A. Borrower and Bank are parties to that certain Loan and Security Agreement dated as of November 14, 2018, as amended by that certain Limited Waiver and Amendment No. 1 to Loan and Security Agreement, dated as of April 7, 2020 (as so amended, and as the same may hereafter be further amended, restated, supplemented or otherwise modified from time to time, the “Loan Agreement”).
B. Borrower and Bank desire to amend the Loan Agreement, in each case in accordance with and subject to the terms and conditions set forth herein.
NOW, THEREFORE, for and in consideration of the mutual covenants and agreements contained herein, and for other good and valuable consideration, the receipt, adequacy and sufficiency of which are hereby acknowledged, the parties hereto (intending to be legally bound) hereby agree as follows:
1. Definitions. Terms capitalized herein and not otherwise defined herein shall have the meanings ascribed to such terms in the Loan Agreement, as amended hereby.
2. Limited Waiver.
(a) Borrower has informed Bank that for the testing periods that ended as of March 31, 2020 and June 30, 2020, Borrower’s Fixed Charge Coverage Ratio was less than 1.20 to 1.00 as required pursuant to Section 6.7(a) of the Loan Agreement (each, a “FCCR Default” and together the “FCCR Defaults”).
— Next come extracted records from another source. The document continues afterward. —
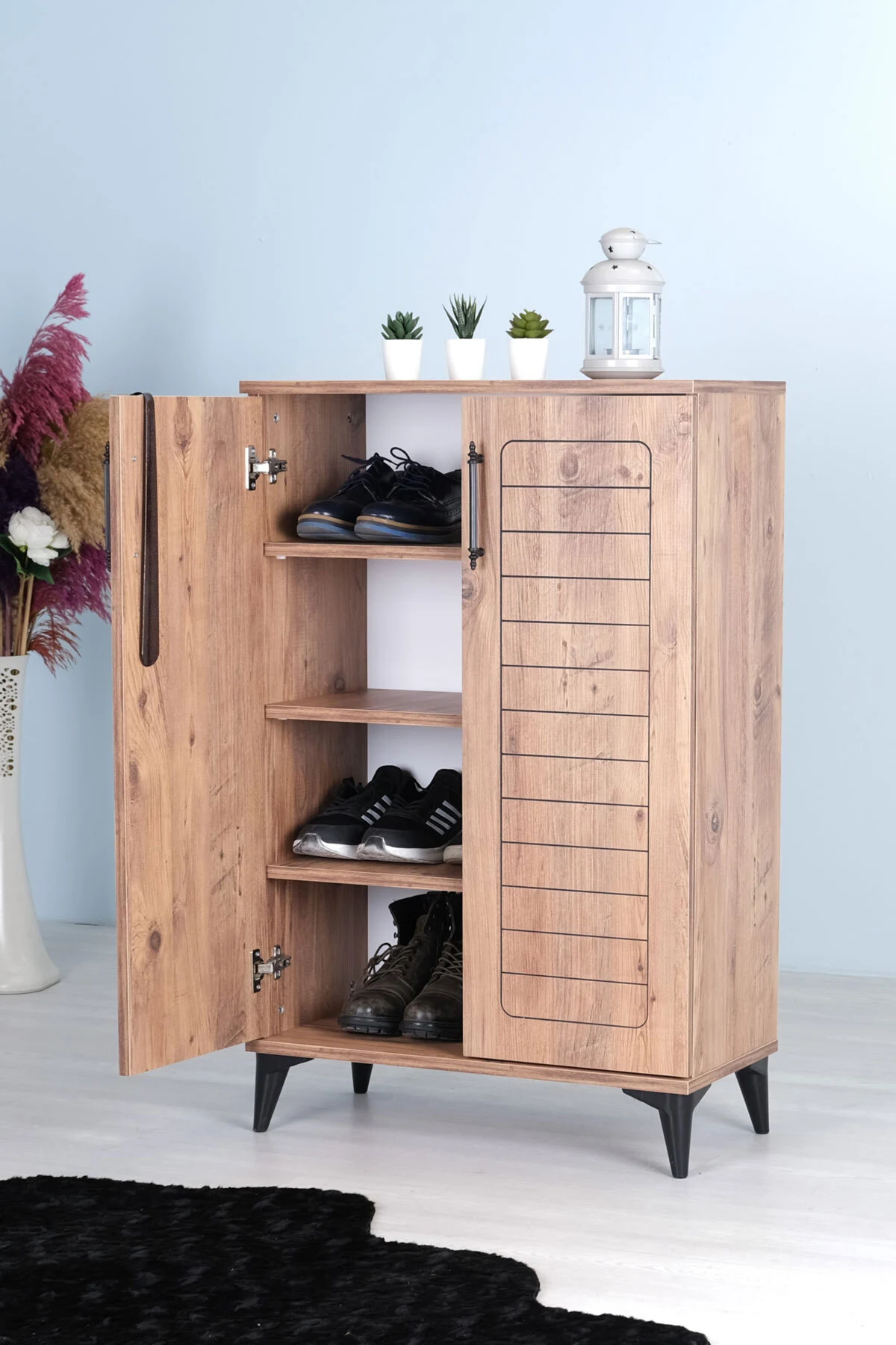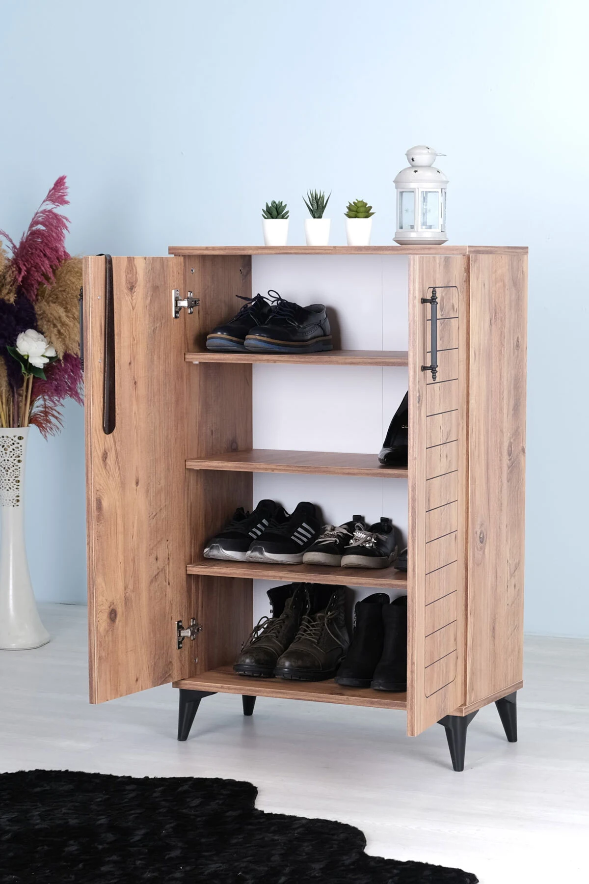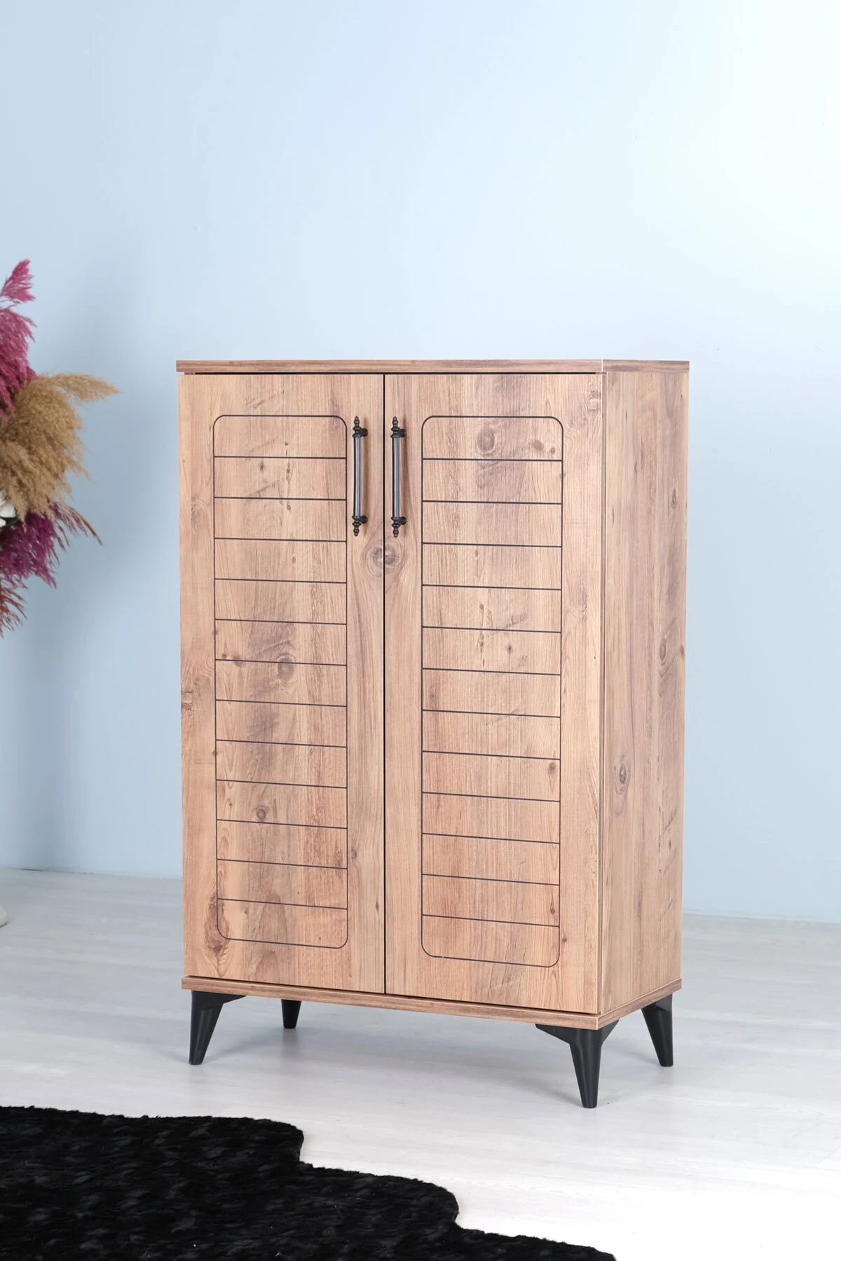 Luna 2 Kapaklı 4 Bölmeli Modern Ayakkabılık – Çam Desenli | 70x108x35 Cm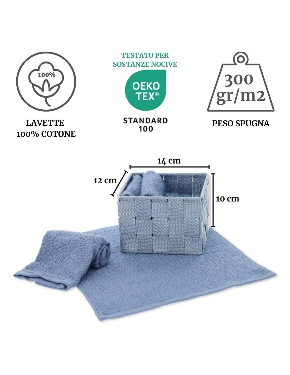 EIGENSCHAFTEN: Waschlappen aus reiner Baumwolle mit Frotteeverarbeitung von 30x30 cm, aufgerollt und in einen geflochtenen Korb gelegt, der an Rattan erinnert. Der Korb misst 12x14x10 cm..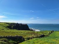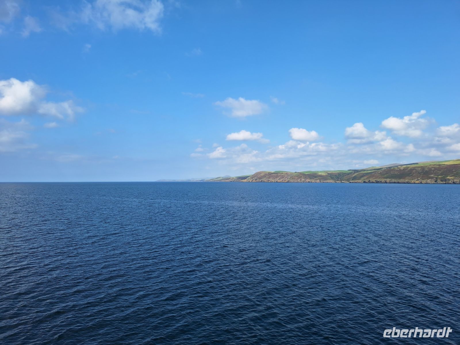 Durch die südlichsten Gebiete Schottlands, Ayrshire und Galloway fahren wir nun zügig immer weiter nach Westen, denn unsere nächste Fähre wartet nicht. Von dem relativ unspektakulären Örtchen Cairnryan aus nehmen wir dann am Nachmittag Kurs auf Nordirland. Unsere Fährverbindung nach Belfast bemisst zwar immerhin ganze 68 Kilometer, allerdings ist die beträgt die kürzeste Entfernung zwischen den beiden britischen Inseln nur 21 Kilometer zwischen dem Mull of Kintyre in Schottland und Ballycastle in Nordirland. Bei strahlendem Sonnenschein haben wir eine tolle Aussicht auf die Küstenlinien und die Zeit vergeht wir im Flug.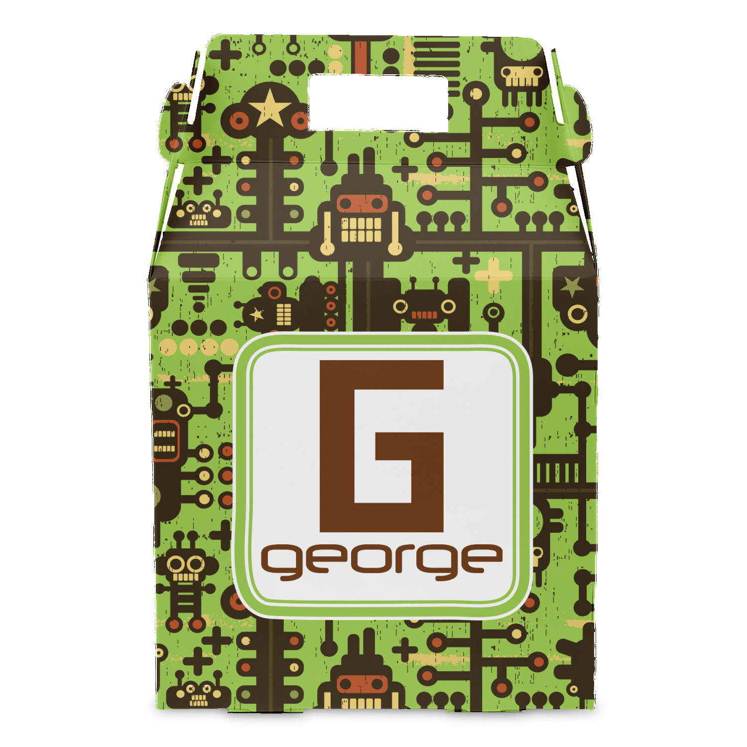 These retro robots will delight your little one and might even inspire their imagination! Brown robots of various sizes and shapes are set on a bright, lime-green background, with cool pipes and wiring adding to the whimsy.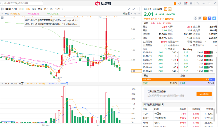 华盛资讯2月13日消息,3B家居盘中股价快速下挫14%。截至发稿,该股报2.01美元/股,成交量5961万股,换手率23.58%,振幅16.17%。五个交易日累计跌幅超65%。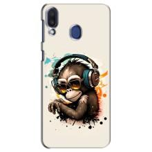 Чохол з Мавпами Samsung Galaxy M20 (M205) - (AlphaPrint) - Макака в навушниках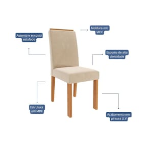 Jogo de Cadeiras Júlia Cimol: assento e encosto estofados com espuma de alta densidade, garantindo conforto superior. Estrutura em MDF com moldura na parte superior, que valoriza o design da sala de jantar. Ideal para compor ambientes elegantes e funcionais. Acabamento da Estrutura: Pintura UV Almofada do assento: Fixa Altura do assento até o chão: 45 cm Ambiente Principal: Sala de Jantar codigo_ean: 7900288335913 Complexidade da Montagem: Média: pode ser montado por mais de uma pessoa e/ou necessite de maior conhecimento para montagem Cor: Cinamomo/Nude Cor do Produto: Cinamomo/Nude Dobrável: Não Estrutura do Encosto: Estofado Giratória: Não Itens Inclusos: 2 Cadeiras e Kit Ferragens Linha ou Coleção: Júlia Manual de Montagem e Instalação: https://product-hub-prd.madeiramadeira.com.br/866917756/documents/60c3c566-b0d2-4316-9f48-52acd806decb3403248503517715960159797.pdf Marca: Cimol Material Principal: MDF Necessita Montagem: Sim Origem do Produto: Nacional Peso: 18 kg Possui Apoio para Braços: Não Possui Espaldar: Sim Possui Rodízio: Não Quantidade de Itens: 2 Recomendações de Uso, Manutenção e Limpeza: Para manter seu móvel novo por muito mais tempo, evite locais úmidos, mantenha-o distante de líquidos. Para limpá-lo com segurança utilize uma flanela seca sem produtos abrasivos Sistema de Montagem: Parafusos, porcas e cavilhas. Tipo de Assento: Fixo Tipo de Encosto: Fixo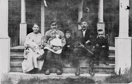 Från vänster, Ida med sonen Erik i famnen, Vilhelm med dottern Berit, sonen Birger, Alfred Martin på besök hos familjen Smeds och sonen John.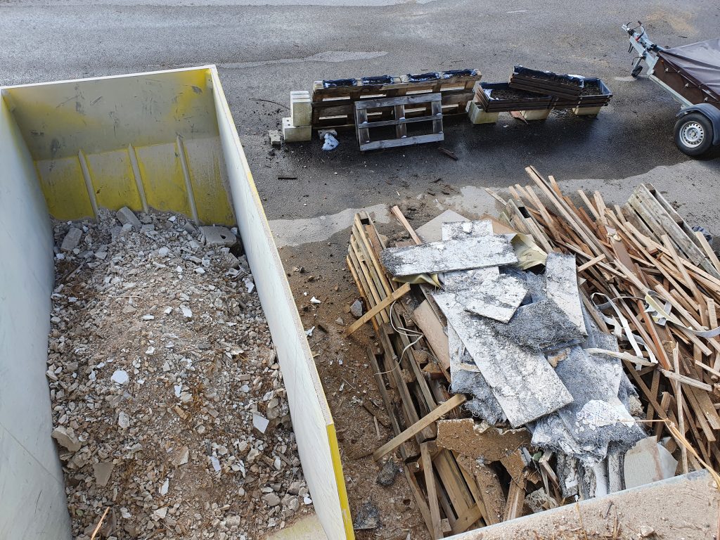 Darunter erwartete uns der schon berüchtigte Mix aus Schutt, Müll, Dämmwolleschnipseln Styropor und auch wieder Hinterlassenschaften von Viechern unbekannter Art. Das muss raus. Diesmal machen wir es uns – aus Erfahrung im 2. Stock – etwas leichter: wir sortieren erstmal aus, bevor wir weitermachen. Denn all der ganze Mül muss ja weg, das heisst, neben dem neuen Bauschuttkontainer, haben wir auch wieder eine große Vielfalt von verschiedenen Stoffen, die man getrennt entsorgen muss: Heraklid, Rigips, Tapete, Metall, Styropor, Dämmwolle und Holzabfall.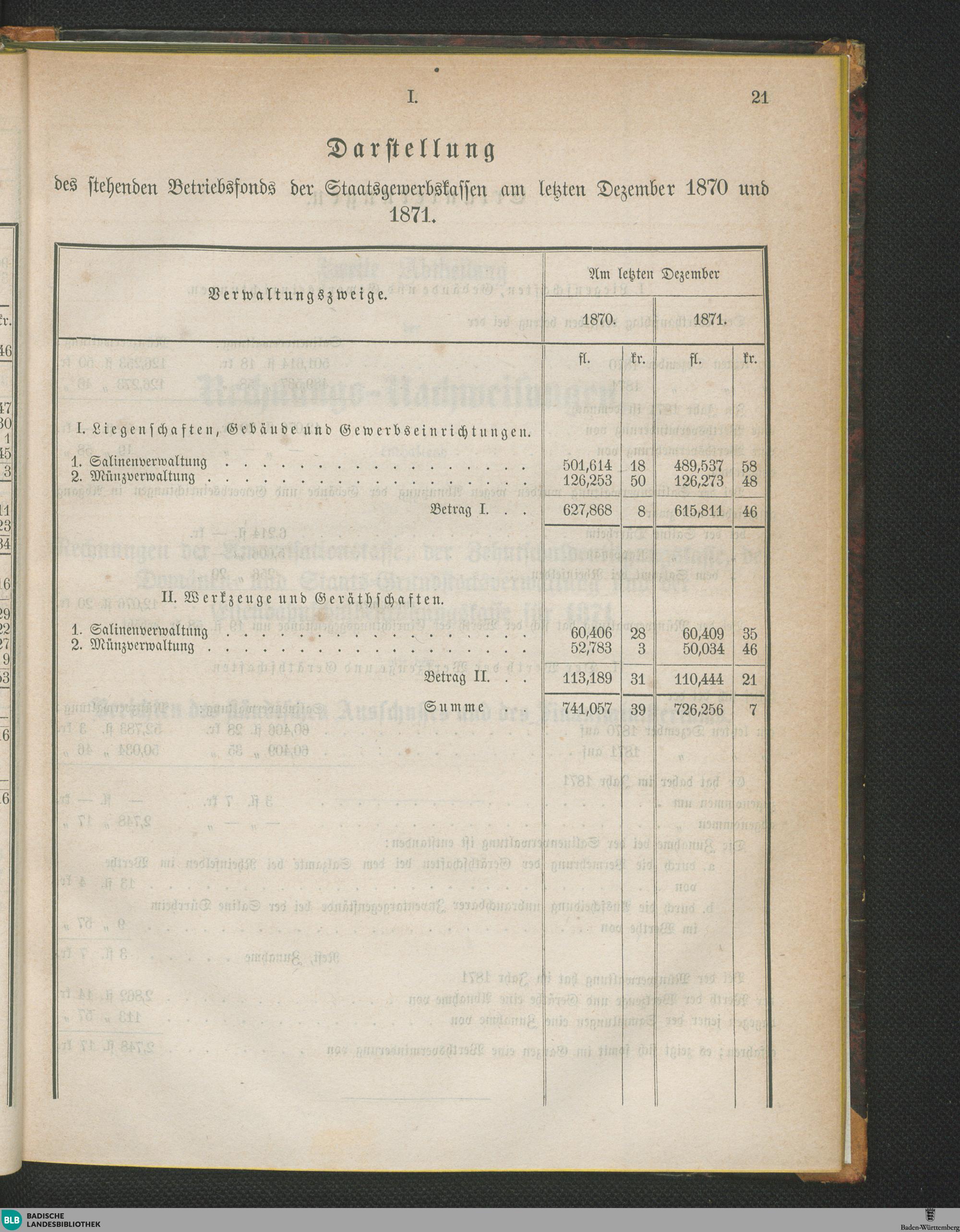 Darstellung des stehenden Betriebsfonds der Staatsgewerbskassen am letzten Dezember...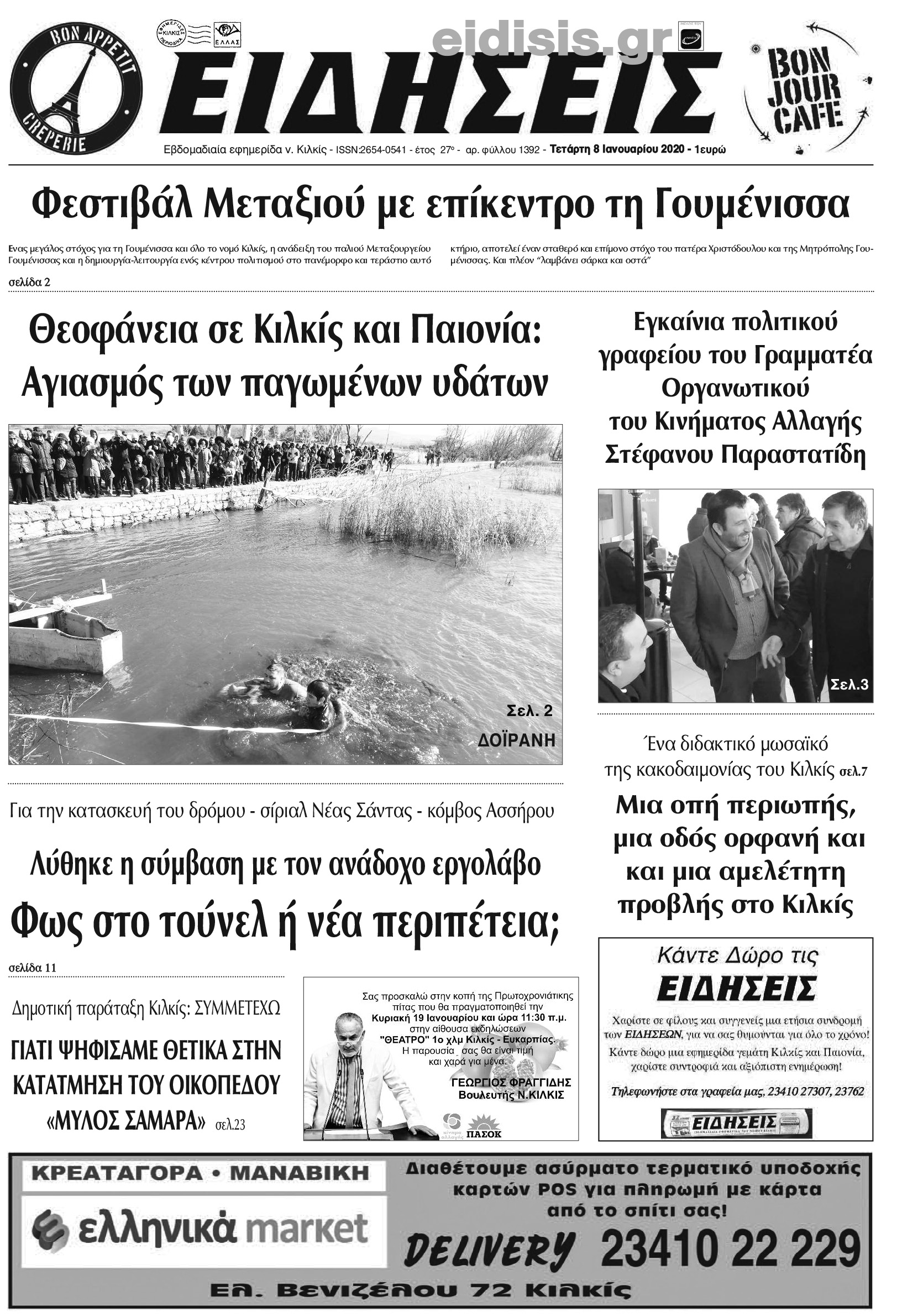 Διαβάστε το νέο πρωτοσέλιδο των ΕΙΔΗΣΕΩΝ του Κιλκίς, της εβδομαδιαίας εφημερίδας του ν. Κιλκίς (8-1-2020)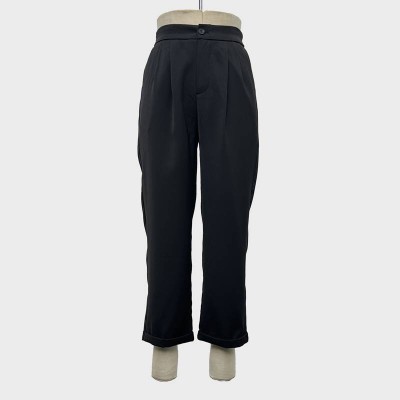 Simple Black High Waist Cuffed Casual Pants Straight-leg Suit Trousers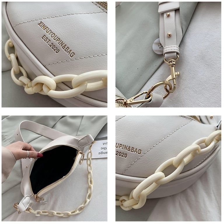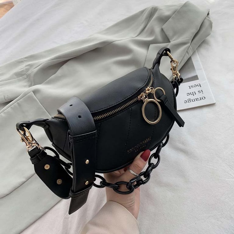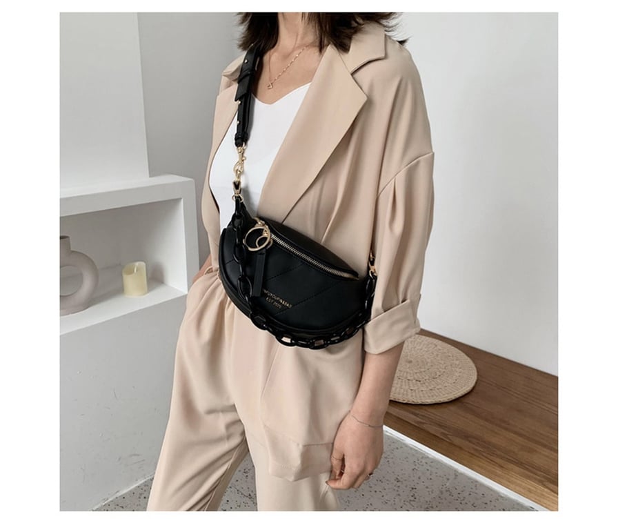 • This women's luxury faux leather shoulder bag / fanny pack, adorned with a wide chain, perfectly complements your everyday outfit.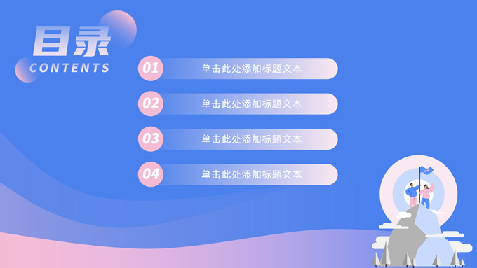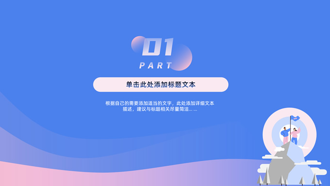 简介:蓝紫卡通活力风工作计划ppt模板,本模板共21P,卡通人物攀登到山顶插上旗子主图渐变几何创意封面、目录页、过渡页,蓝粉清新活力风配色,扁平化图表,适合工作计划、个人工作汇报、个人工作总结等场景应用的总结汇报计划通用型ppt模板。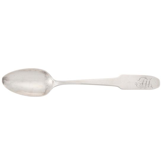 Teaspoon with downturned, finless back tipt coffin handle with long oval bowl and molded back drop. Inscription: Engraved on handle obverse in script: SST. Mark: On handle reverse: I.W.Forbes / [anchor] / [star]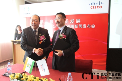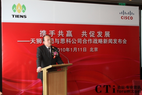 CTI論壇(ctiforum)1月12日消息(記者 張塵):2010年1月11日,北京——“攜手共贏 共促發(fā)展——天獅集團(tuán)與思科公司戰(zhàn)略項目新聞發(fā)布會”在北京召開,雙方共同宣布,天獅集團(tuán)國際健康產(chǎn)業(yè)園網(wǎng)絡(luò)平臺成功啟用,并正式達(dá)成合作戰(zhàn)略。天獅集團(tuán)董事長兼總裁李金元先生與思科全球副總裁、思科中國副董事長兼總裁林正剛先生出席新聞發(fā)布會,并進(jìn)行簽約儀式。通過本次強(qiáng)強(qiáng)聯(lián)合,思科面向服務(wù)的網(wǎng)絡(luò)架構(gòu)(SONA)全面部署于天獅集團(tuán)國際健康產(chǎn)業(yè)園,為天獅集團(tuán)業(yè)務(wù)的穩(wěn)定持續(xù)發(fā)展以及信息化水平的進(jìn)一步提升提供了可靠保證,同時也為雙方未來更深層次的合作打下了堅實的基礎(chǔ)。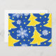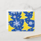 Este cartão de Natal festivo é uma homenagem à beleza dos Invernos Ucranianos, que incluem ouros de árvores de Natal amarelas e intrincados flocos de neve brancos contra um fundo azul vibrante. É uma maneira sincera de compartilhar a alegria da estação com um toque da herança ucraniana.

(b) Borrower acknowledges that, as a result of the FCCR Defaults, an Event of Default has occurred as of March 31, 2020 and June 30, 2020 and is continuing under Section 8.2(a) of the Loan Agreement.
(c) Borrower therefore has requested that Bank waive the FCCR Defaults.
(d) Subject to the terms of this Amendment, Bank hereby waives the FCCR Defaults.
(e) The waiver, acknowledgments and agreements under this Section 2 shall be narrowly construed and will not extend to any other violations under, or default of, the Loan Agreement (including any failure by Borrower to comply with any financial covenants for any other fiscal period, or any other negative or affirmative covenant during any other period), nor shall the waiver under this Section 2 prejudice any rights or remedies which Bank may have or be entitled to with respect to any such other violations or defaults.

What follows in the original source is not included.